除了换行符差异之外,如果文件在 Windows 上被视为 Unicode ,则字节顺序标记可能会导致问题。

回答by Cheekysoft

As pauldoo suggests, tools like dos2unix can be very useful. Note that these may be on your linux/unix system as fromdosor tofrodos, or perhaps even as the general purpose toolbox recode.

正如 pauldoo 所说,像 dos2unix 这样的工具非常有用。请注意,这些可能在您的 linux/unix 系统上作为fromdostofrodos,或者甚至作为通用工具箱recode

However, another set of problems that you may come across can be related to single/multi-byte character encodings. If you see strange unexpected chars (not at end-of-line) then this could be the reason. Especially if you see square boxes, question marks, upside-down question marks, extra characters or unexpected accented characters.
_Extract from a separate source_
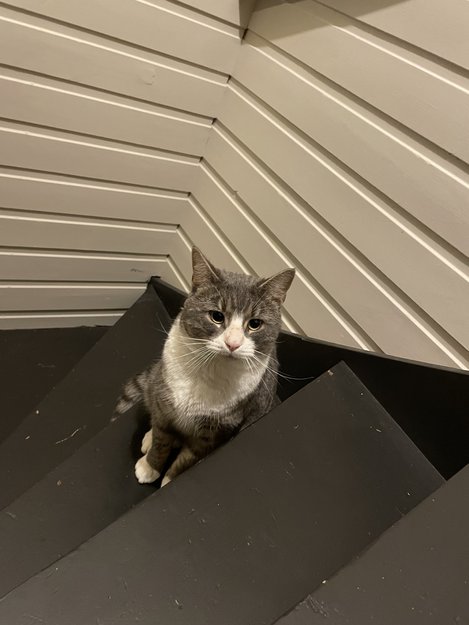 Grå, hvitt, katt som er 2 år som ikkje er kastrert.

但是,您可能遇到的另一组问题可能与单字节/多字节字符编码有关。如果您看到奇怪的意外字符(不是在行尾),那么这可能是原因。尤其是当您看到方框、问号、倒置的问号、多余的字符或意外的重音字符时。

Running the command localeon your *nix box will tell you what the system locale is. If this is different to the encoding used in the text files that have been transferred over from the windows machine, then this can sometimes cause issues, depending on the usage of those files. You can use the very powerful recodecommand to try and convert between the different charsets as well as any line ending issues. recode -lwill show you all of the formats and encodings that the tool can convert between. It is likely to be a VERY long list.

在 *nix 框上运行命令locale将告诉您系统区域设置是什么。如果这与从 Windows 机器传输过来的文本文件中使用的编码不同,那么这有时会导致问题,具体取决于这些文件的使用情况。您可以使用非常强大的recode命令来尝试在不同的字符集以及任何行结束问题之间进行转换。recode -l将向您显示该工具可以转换的所有格式和编码。这可能是一个很长的清单。

When writing to files or reading from files (that you are in control of), it is often worth specifying the encoding to use, as most Java methods allow this. However, also ensuring that the system locale matches can save a lot of pain.

写入文件或读取文件(您可以控制)时,通常值得指定要使用的编码,因为大多数 Java 方法都允许这样做。但是,同时确保系统区域设置匹配可以省去很多麻烦。